Build Your Own Search Engine: Python Programming Series
in this tutorial, i'll use a web framework called django to build a search app. django is a popular framework that is used to create websites and web apps. django comes with a bunch of tools that make web development easier.
build your own search engine: python programming series
mapping these ideas to a search engine, we can see that a search engine needs to handle a number of core functions. the search index needs to store all the terms the user queries against, along with a scoring system that indicates how useful those terms are to the user.
before google, the vast majority of search was done using a tld-based mechanism. the robust query protocol of google is a close second. when you type in a url, google scans the page content for keywords. if the keywords appear on the page, google ranks the site. if the words appear in a link, google follows the link and reads the page content to determine if that page is relevant.

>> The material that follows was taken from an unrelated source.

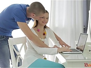DevilsVid.com - A big tits teen accepts a babysitter job.Her boss caresses her then sucks her
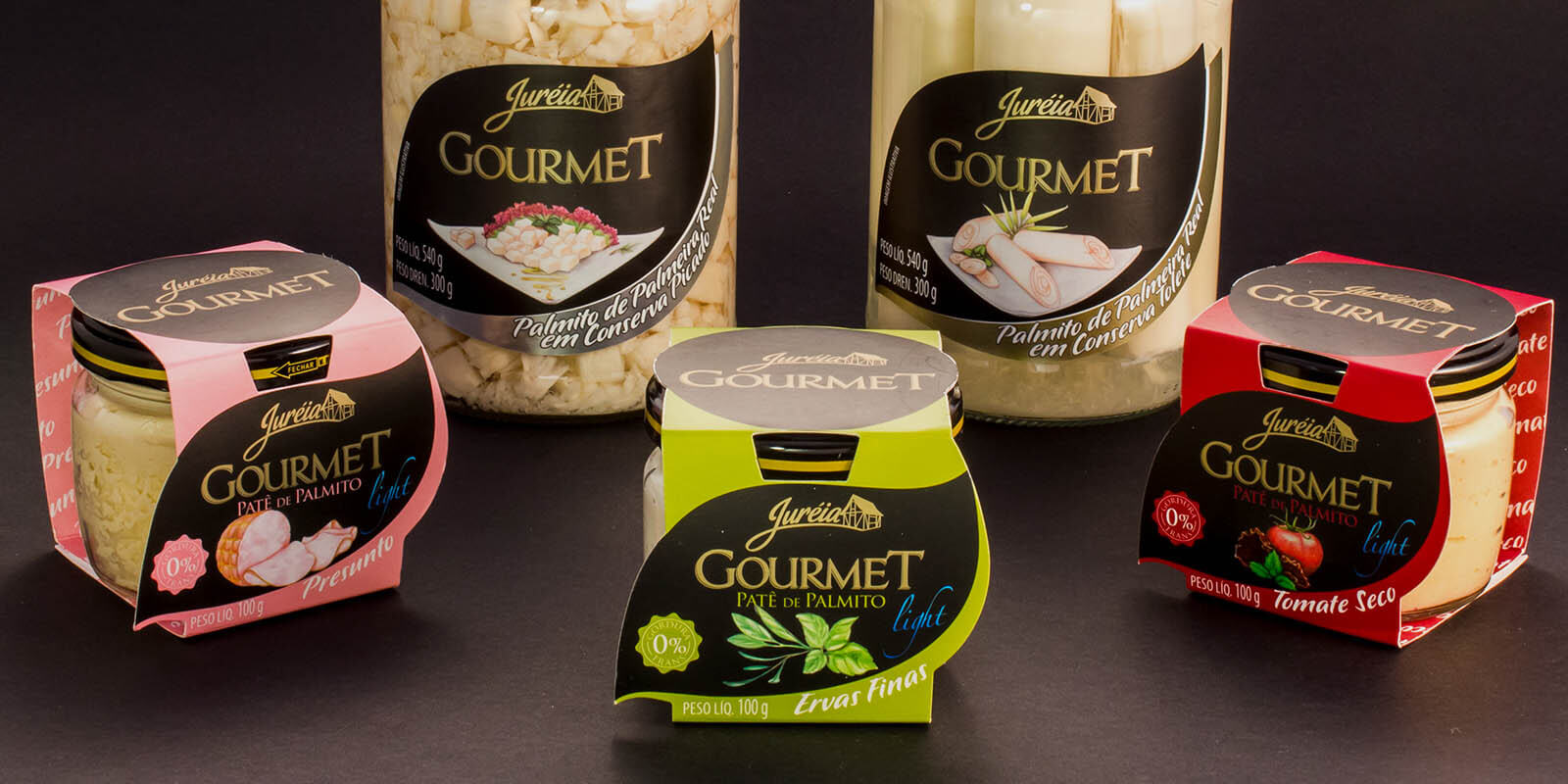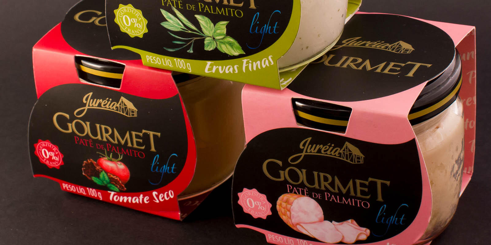Projeto de design de embalagem e rótulo e reposicionamento da marca Juréia para sua linha de conservas e patês Gourmet. Pesquisas de tendência revelaram uma oportunidade de mercado nichado para produtos premium, sendo assim desenvolvida a linha gourmet para alcançar esse consumidor exigente por qualidade.

google search relies on a series of high-level ranking functions to determine which websites are most relevant to the user. while many search engines focus on algorithmic solutions, googles approach is to cluster the search results based on the user experience on a webpage, or more generally, the user experience of a website.
search engines like google provide some free apis to both developers and consumers. although not generally open source, googles apis are usually released as libraries which can be downloaded and built upon.
if a search engine relies on apis from other sources, it may not work well when the api is updated. the wrapper approach, however, allows the search engine to be highly customized to the needs of the programmer.